Eron,
Thanks for sending out this list! We can make some of the critical ones
public for 1.5, but they will be marked DeveloperApi since they may require
changes in the future. Just made the JIRA: [
https://issues.apache.org/jira/browse/SPARK-9704] and I'll send a PR soon.
Joseph
On Mon, Aug 3, 2015 at 4:51 PM, Eron Wright ewri...@live.com wrote:
Hello,
In developing new *third-party* *pipeline components* for Spark ML 1.4
(see dl4j-spark-ml), I encountered a few gaps in the earlier effort to make
the ML Developer APIs public (SPARK-5995).I plan to file issues after
we discuss on this thread. The below is a list of types that are
presently private but might best be made public.
1. *VectorUDT*.To define a relation with a vector field,
VectorUDT must be instantiated.
2. *SchemaUtils*. Third-party pipeline components have a need for
checking column types and appending columns.

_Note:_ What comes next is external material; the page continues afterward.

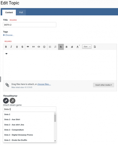 - Users can add steam games to topics. After attaching a game, which can be done easily using a search with auto complete, the thread will show various information about it above the post.
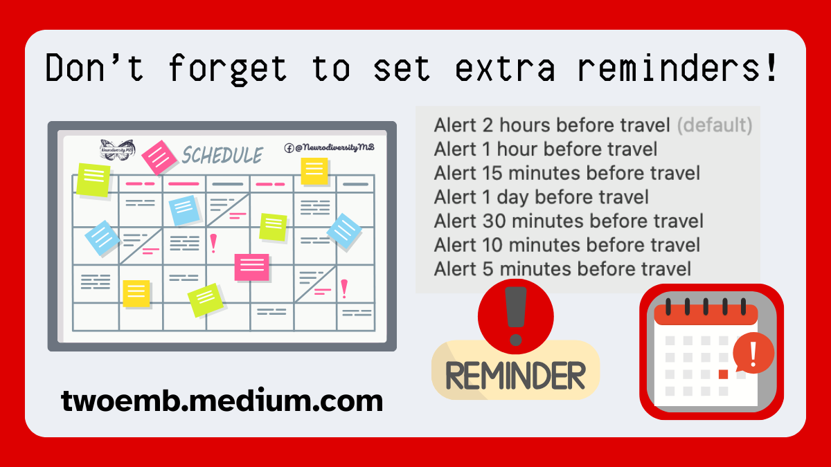 We must remember to write down the appointment, or put it into our electronic calendars, and set reminders (*don’t forget to set extra reminders!).

3. *Identifiable trait*. The trait generates a unique identifier for
the associated pipeline component. Nice to have a consistent format by
reusing the trait.
4. *ProbabilisticClassifier*. Third-party components should leverage
the complex logic around computing only selected columns.
5. *Shared Params* (HasLabel, HasFeatures). This is covered in
SPARK-7146 but reiterating it here.
Thanks,
Eron Wright